FreeInv: Free Lunch for Improving DDIM Inversion
Yuxiang Bao, Huijie Liu, Xun Gao, Huan Fu, Guoliang Kang
TL;DR
FreeInv targets the trajectory deviation in DDIM inversion by introducing a transformation-based latent augmentation that enables an ensemble of trajectories without the heavy cost. It formalizes a one-time Monte Carlo sampling per time-step combined with transformation-based branching to approximate multi-branch ensembles efficiently. The method is architecture-agnostic, compatible with both U-Net and DiT diffusion backbones, and improves reconstruction fidelity for images and videos while preserving editing capabilities and reducing computational burden. Empirical results on PIE and DAVIS demonstrate competitive or superior performance with substantially lower time and memory requirements, making FreeInv well-suited for video inversion and editing workflows.
Abstract
Naive DDIM inversion process usually suffers from a trajectory deviation issue, i.e., the latent trajectory during reconstruction deviates from the one during inversion.
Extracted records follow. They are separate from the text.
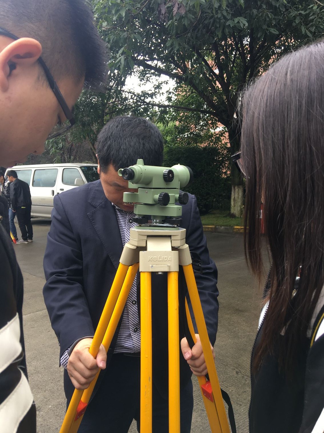 李朝安老师给大家讲解了全站仪和水准仪的使用方法以及注意事项,然后同学们开始分组测量。测量的目标是完成第一教学楼音乐喷泉周围点的距离和高程的测量。在分配了仪器之后,同学们按照事先的分工,井然有序的开始了测量活动,用全站仪测量距离和方位角,用水准仪测量高程。在测量过程中,同学们积极参与、不懂就问,整个测量现场活跃而有序。通过对点的测量,将数据填入准备好的表格中,测量结束后各小组按自己的测量数据进行计算和误差分析,完成实习报告。
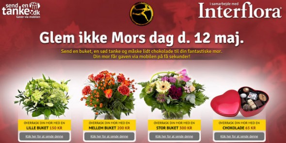 Sendentanke.dk har lavet en speciel side med gaver til Mors Dag, hvor du kan sende en gave på mobilen til din mor – det er især også oplagt, hvis du er lidt sent ude med gaven til hende 😉 Du kan vælge mellem flere størrelser buketter fra Interflora eller en lækker æske chokolade – og gaven kan være fremme i løbet af et splitsekund sammen med en personlig hilsen, hvorefter din mor selv kan indløse den i en butik.
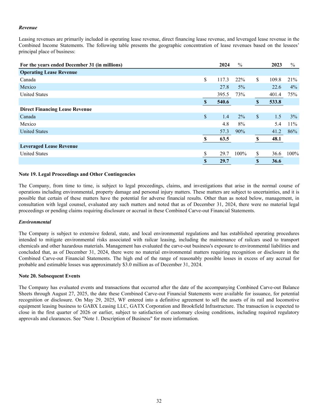 Revenue Leasing revenues are primarily included in operating lease revenue, direct financing lease revenue, and leveraged lease revenue in the Combined Income Statements. The following table presents the geographic concentration of lease revenues based on the lessees’ principal place of business: For the years ended December 31 (in millions) 2024 % 2023 % Operating Lease Revenue Canada $ 117.3 22% $ 109.8 21% Mexico 27.8 5% 22.6 4% United States 395.5 73% 401.4 75% $ 540.6 $ 533.8 Direct Financing Lease Revenue Canada $ 1.4 2% $ 1.5 3% Mexico 4.8 8% 5.4 11% United States 57.3 90% 41.2 86% $ 63.5 $ 48.1 Leveraged Lease Revenue United States $ 29.7 100% $ 36.6 100% $ 29.7 $ 36.6 Note 19. Legal Proceedings and Other Contingencies The Company, from time to time, is subject to legal proceedings, claims, and investigations that arise in the normal course of operations including environmental, property damage and personal injury matters. These matters are subject to uncertainties, and it is possible that certain of these matters have the potential for adverse financial results. Other than as noted below, management, in consultation with legal counsel, evaluated any such matters and noted that as of December 31, 2024, there were no material legal proceedings or pending claims requiring disclosure or accrual in these Combined Carve-out Financial Statements. Environmental The Company is subject to extensive federal, state, and local environmental regulations and has established operating procedures intended to mitigate environmental risks associated with railcar leasing, including the maintenance of railcars used to transport chemicals and other hazardous materials. Management has evaluated the carve-out business's exposure to environmental liabilities and concluded that, as of December 31, 2024, there were no material environmental matters requiring recognition or disclosure in the Combined Carve-out Financial Statements. The high end of the range of reasonably possible losses in excess of any accrual for probable and estimable losses was approximately $3.0 million as of December 31, 2024. Note 20. Subsequent Events The Company has evaluated events and transactions that occurred after the date of the accompanying Combined Carve-out Balance Sheets through August 27, 2025, the date these Combined Carve-out Financial Statements were available for issuance, for potential recognition or disclosure. On May 29, 2025, WF entered into a definitive agreement to sell the assets of its rail and locomotive equipment leasing business to GABX Leasing LLC, GATX Corporation and Brookfield Infrastructure. The transaction is expected to close in the first quarter of 2026 or earlier, subject to satisfaction of customary closing conditions, including required regulatory approvals and clearances. See "Note 1. Description of Business" for more information. 32
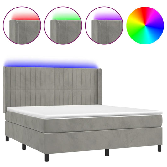 Boxspringbett mit Matratze & LED Hellgrau 180x200 cm Samt
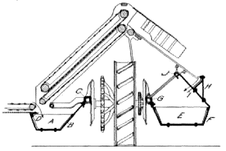 Fig. 5.—Rear view of a grain binder, showing a cross section of the pans and supports and the parts of the machine to which they are attached. A, Pan under the opening between the platform and lower elevator; B, support of the pan; C, stirrup which fits over the inside sill and to which the support is bolted; D, angle iron under the end of the platform and over which one end of the support is hooked; E, cross section of pan under the binder deck; F, support of the pan; G, stirrup which hooks over the outside sill and to which the support is bolted; H, angle iron which supports the guard at the end of the deck; I, guard which directs the seed that falls on the binder deck into the pan below; J, binder pipe over which one end of the support is hooked.
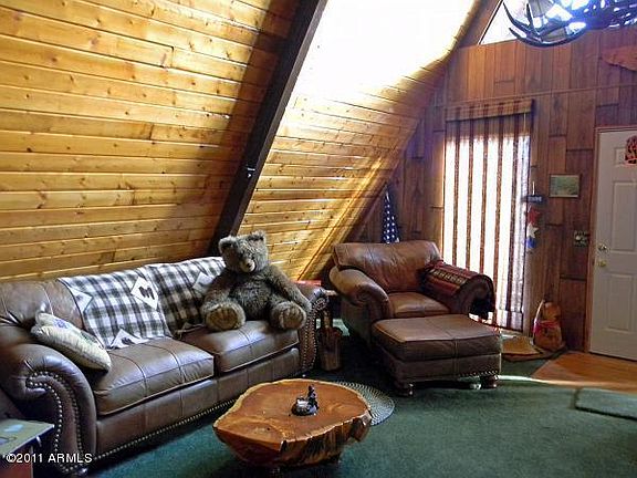 You won't feel confined in this 1500 sf, 2BR open & airy A-frame w/glowing T&G interior. Soaring beamed ceiling and a toasty warm wood stove w/built in wood box. Huge loft sleeps many plus room for office or game area. Large utility room w/storage galore. Metal roof & rear Trex deck for BBQ's. 2 storage sheds, fire pit, circular drive and stately Ponderosa pines and new aspens create the ideal mountain retreat from the city. A lot of home to love.

To alleviate this issue, previous methods either learn to mitigate the deviation or design cumbersome compensation strategy to reduce the mismatch error, exhibiting substantial time and computation cost. In this work, we present a nearly free-lunch method (named FreeInv) to address the issue more effectively and efficiently. In FreeInv, we randomly transform the latent representation and keep the transformation the same between the corresponding inversion and reconstruction time-step. It is motivated from a statistical perspective that an ensemble of DDIM inversion processes for multiple trajectories yields a smaller trajectory mismatch error on expectation. Moreover, through theoretical analysis and empirical study, we show that FreeInv performs an efficient ensemble of multiple trajectories. FreeInv can be freely integrated into existing inversion-based image and video editing techniques. Especially for inverting video sequences, it brings more significant fidelity and efficiency improvements. Comprehensive quantitative and qualitative evaluation on PIE benchmark and DAVIS dataset shows that FreeInv remarkably outperforms conventional DDIM inversion, and is competitive among previous state-of-the-art inversion methods, with superior computation efficiency.